11 Ama Lut Gölü'nün çamurlu, bataklık kesimi tatlı suya dönüşmeyecek, tuzla olarak kalacak.
But at the outlet of the water, and the turn of it, and where it overflows [its banks], they shall not heal at all; they are given to salt.
12 Irmağın her iki yanında her çeşit meyve ağacı yetişecek. Yaprakları solmayacak, meyveleri tükenmeyecek. Her ay meyve verecekler, çünkü tapınaktan çıkan sular oraya akıyor.
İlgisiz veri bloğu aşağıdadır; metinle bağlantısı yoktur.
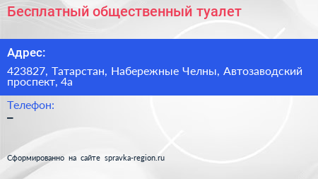 Бесплатный общественный туалет по адресу 423827, Татарстан, Набережные Челны, Автозаводский проспект, 4а в дальнейшем Организация, размещена в следующих категориях:

Meyveleri yiyecek olarak, yaprakları şifa için kullanılacak.”
And every fruit tree shall grow by the river, [even] on the bank of it on this side and on that side: they shall not decay upon it, neither shall their fruit fail: they shall bring forth the first-fruit of their early crop, for these their waters come forth of the sanctuary: and their fruit shall be for meat, and their foliage for health.
13 Egemen RAB şöyle diyor: “Ülkeyi mülk olarak İsrail'in on iki oymağına böleceğiniz sınırlar şöyle olacak: Yusuf'a iki pay düşecek.
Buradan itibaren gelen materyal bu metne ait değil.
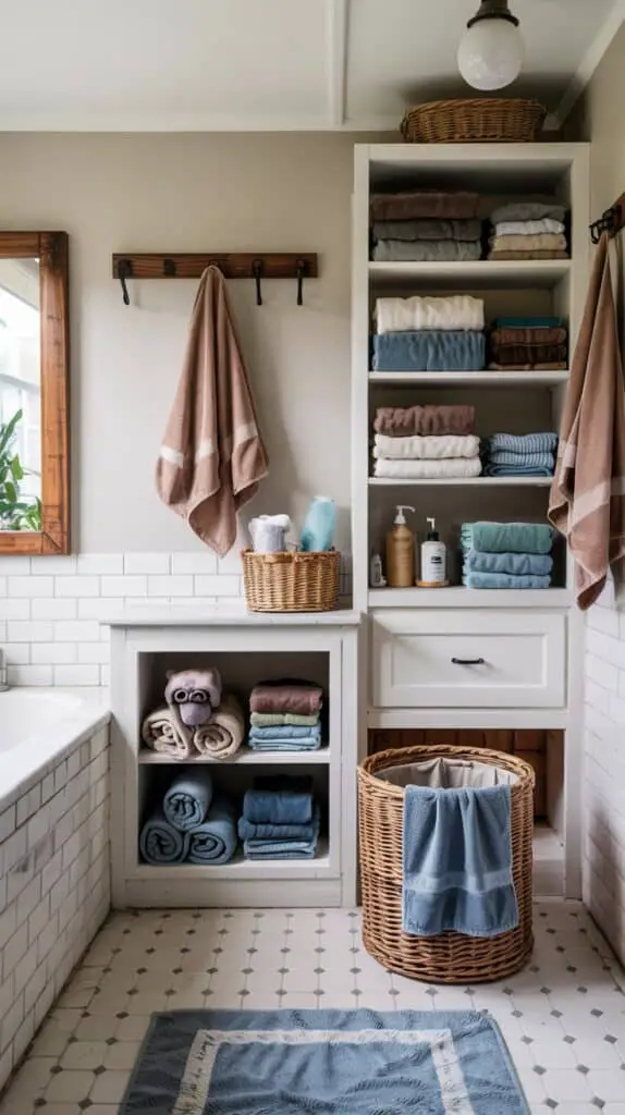 - Open cubbies near the tub (rolled towels look tidy and calm)

Thus saith the Lord God; Ye shall inherit these borders of the land; [they are] given by lot to the twelve tribes of the children of Israel.
14 Ülkeyi on iki oymak arasında eşit olarak paylaşacaksınız. Ülkeyi atalarınıza vereceğime ant içtim. Bu ülke size mülk olarak verilecek.
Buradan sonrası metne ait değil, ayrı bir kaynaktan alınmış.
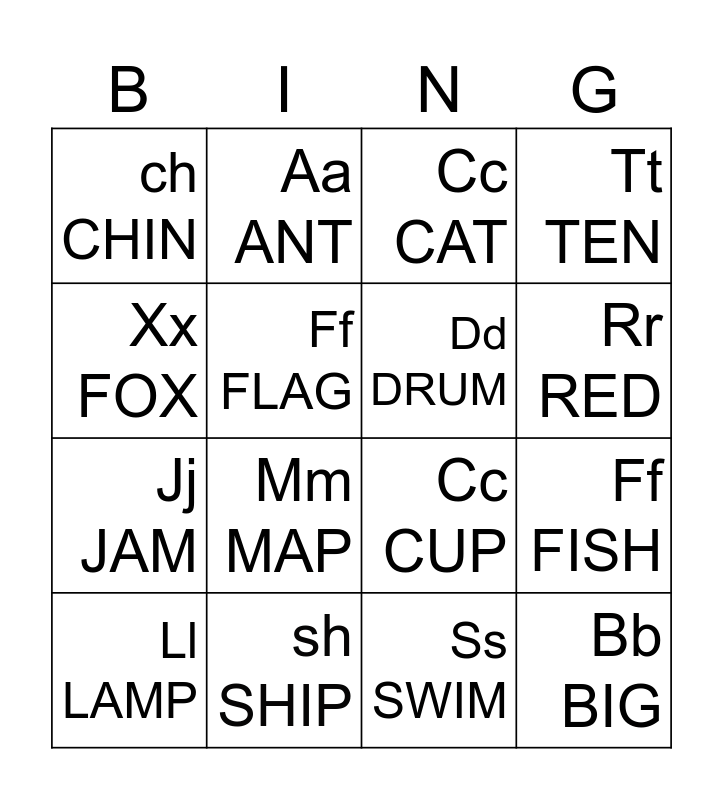 This bingo card has 16 words: sh SHIP, Ff FISH, Cc CAT, ch CHIN, Jj JAM, Aa ANT, Cc CUP, Ss SWIM, Xx FOX, Ff FLAG, Ll LAMP, Tt TEN, Mm MAP, Rr RED, Dd DRUM and Bb BIG.

And ye shall inherit it, each according to his brother's portion, [even the land] concerning which I lifted up my hand to give [it] to your fathers: and this land shall fall to you by lot.
15 “Ülkenin sınırı şöyle olacak: Kuzeyde Akdeniz'den, Hetlon yoluyla Levo-Hamat'a, Sedat'a,
And these are the borders of the land that lies northward, from the great sea that comes down, and divides the entrance of Emaseldam;
16 Berota'ya ve Şam'la Hama'nın toprakları arasında bulunan Sivrayim'e, Havran sınırında Haser-Hattikon'a kadar uzanacak.
Maabthera, Ebrameliam, between the coasts of Damascus and the coasts of Emathi, the habitation of Saunan, which [places] are above the coasts of Auranitis.
17 Sınır denizden Hasar-Enan'a, Şam'ın kuzey sınırı boyunca uzanacak, Hama sınırı kuzeyde olacak. Kuzey sınırı bu olacak.
These are the borders from the sea, from the habitations of Aenan, the coasts of Damascus, and the northern [coasts].
18 “Doğuda sınır Havran'la Şam arasında Gilat'ı İsrail'den ayıran Şeria Irmağı boyunca Lut Gölü'ne ve Tamar'a dek uzanacak. Doğu sınırı bu olacak.
And the eastern coasts between Loranitis, and Damascus, and the land of Galaad, and the land of Israel, the Jordan divides to the sea that is east of the city of palm-trees. These are the eastern [coasts].
19 “Güneyde sınır Tamar'dan Meriva-Kadeş sularına, Mısır Vadisi boyunca Akdeniz'e dek uzanacak. Güney sınırı bu olacak.
And the southern and south-western [coasts are] from Thaeman and the city of palm-trees, to the water of Marimoth Cadem, reaching forth to the great sea. This part is the south and south-west.
20 “Batıda Levo-Hamat'ın karşısındaki noktaya dek Akdeniz sınır oluşturacak. Batı sınırı bu olacak.
This part of the great sea forms a border, till [one comes] opposite the entrance of Emath, [even] as far as the entrance thereof. These are the parts west of Emath.
21 “Bu ülkeyi İsrail oymaklarına göre aranızda paylaşacaksınız.
So ye shall divide this land to them, [even] to the tribes of Israel.
22 Ülkeyi içinizde yaşayan ve içinizdeyken çocukları olan yabancılarla kendiniz arasında mülk olarak bölüşeceksiniz. Onları İsrail'de doğan yerliler sayacaksınız. Onların da İsrail oymakları arasında sizin gibi mülkleri olacak.
Ye shall cast the lot upon it, for yourselves and the strangers that sojourn in the midst of you, who have begotten children in the midst of you: and they shall be to you as natives among the children of Israel; they shall eat with you in [their] inheritance in the midst of the tribes of Israel.
23 Yabancı hangi oymağa yerleşmişse, orada ona düşen payı mülk olarak vereceksiniz.” Egemen RAB böyle diyor.
And they shall be in the tribe of proselytes among the proselytes that are with them: there shall ye give them an inheritance, saith the Lord God.